Worse results with CTF correction

Dear all,
the averages after 2D classification of my data set look strangely blurred (top row) but much better when I turn CTF correction OFF (bottom row).
I already curated and left only the “best” micrographs (ctf fit >6A). Any idea?
Mag 29k
pxsize 2.3A/px
dose 30.59e/A2



One think I noticed:
Once I classify with CTF correction OFF, there is no way back to CTF corrected classification. Even if I turn it back on at following iterations, it seems to stay turned OFF

This is interesting… the interface says “Do CTF correction for particles. If set to False, also sets CTF to constant for output particles. May be useful for negative stain data.”
Does it mean that even CTF refinement during 3D refinements will be blocked forever? Now I am afraid to test it… If the 2D classes look better without it, it probably means that the initial CTF estimation was pretty accurate, and that refinement is just making it drift (is this correct?). How different is it in 2D classification as compared to the CTF refinement in 3D?

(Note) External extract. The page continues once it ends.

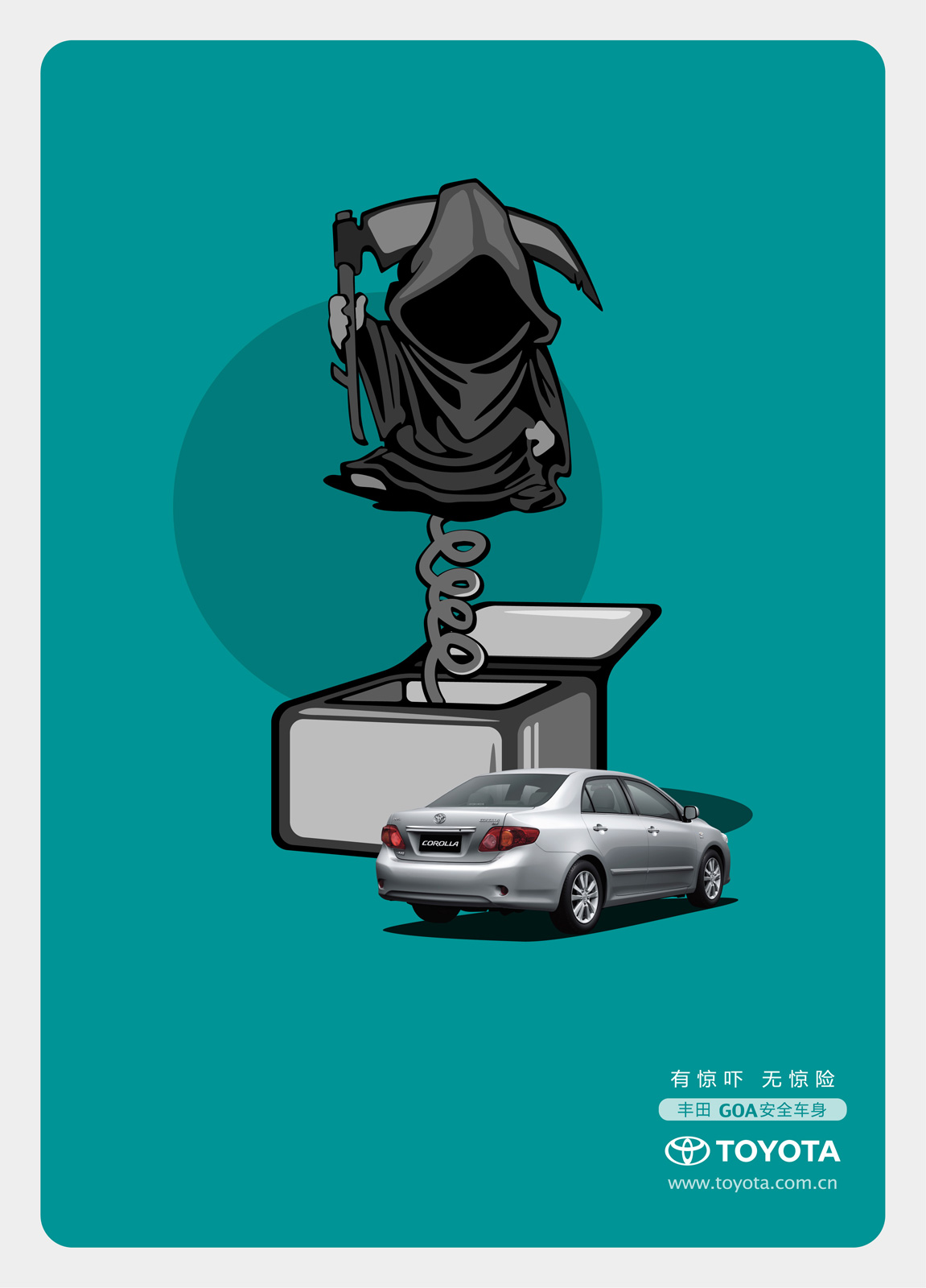 Владельцам Toyota смерть не страшнаРеклама системы безопасности автомобилей маркиПекинский офис агентства Dentsu создал рекламную кампанию для Toyota, в которой показал, что владельцам этих автомобилей смерть не так уж страшна. Реклама посвящена системе безопасности при ударе GOA или Global Outstanding Assessment, которая надежно защищает как водителя, так и пассажиров при неожиданном столкновении, когда невозможно успеть сгруппироваться самому. Благодаря этому опасность погибнуть снижается в разы, так что смерть пугает тех, кто ездит в Toyota не сильнее, чем чертик из коробочки. Состав творческой группы Advertising Agency: Dentsu, Beijing, China Creative Director: ArchiveLi, SamSun Art Director: Li Gang Copywriter: Sun Feng Tao Illustrator: Li Gang |

If the ctf estimation was accurate, shouldn’t that only improve the ctf corrected results? The uncorrected particles will have certain frequencies with opposite contrast…

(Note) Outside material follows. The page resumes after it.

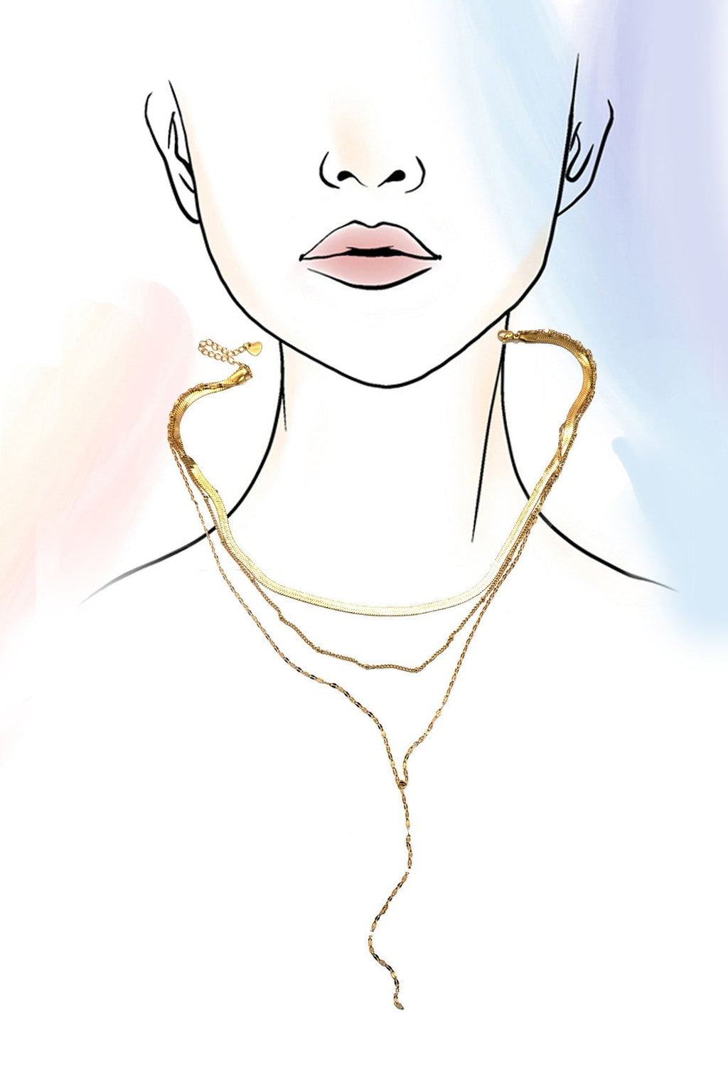18K Stainless Steel Tarnish-Free Station of Layered Y Necklace. Crafted from high-quality stainless steel with an 18K gold finish, this necklace is designed to resist tarnish and maintain its brilliance. Featuring layered herringbone and ball chain along a delicate Y-shaped drop. Perfect gift for the holidays, including Christmas, Mother's Day, Valentine's Day, Easter.

Well, that depends on how the CTF refinement works, and to be honest I have no clue… maybe if the alignment is not perfect, CTF refinement might drift out? I noticed for some 3D refinements that CTF refinement was only making things worse in the past, so I tend not to use it - and if you check the doc, CryoSparc tells us to do CTF refinement as a separate job from refinement (at the same time they don’t explicitly tell us not to activate the CTF refinement during 3D refinement). I’ve never tried to switch it off for 2D classification, so I am curious to see what the CS crew has to say.

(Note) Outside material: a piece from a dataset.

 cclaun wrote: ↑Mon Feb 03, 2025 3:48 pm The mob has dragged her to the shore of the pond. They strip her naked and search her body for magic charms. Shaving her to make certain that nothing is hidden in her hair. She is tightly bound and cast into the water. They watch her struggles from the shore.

Hi @DarioSB and everyone! Thanks for posing this question!

First, just to clarify — turning off Do CTF correction causes us to completely ignore the effects of the contrast transfer function. This parameter does not control whether or not CTF estimates are refined.

“Blurry” 2D classes with CTF correction on

I wonder @DarioSB if you could specify which features you see in the no-CTF classes that are missing in the with-CTF classes? To my eye (aside from the contrast-flipping due to no CTF correction), they look similar, but I could definitely be missing something specific to your sample!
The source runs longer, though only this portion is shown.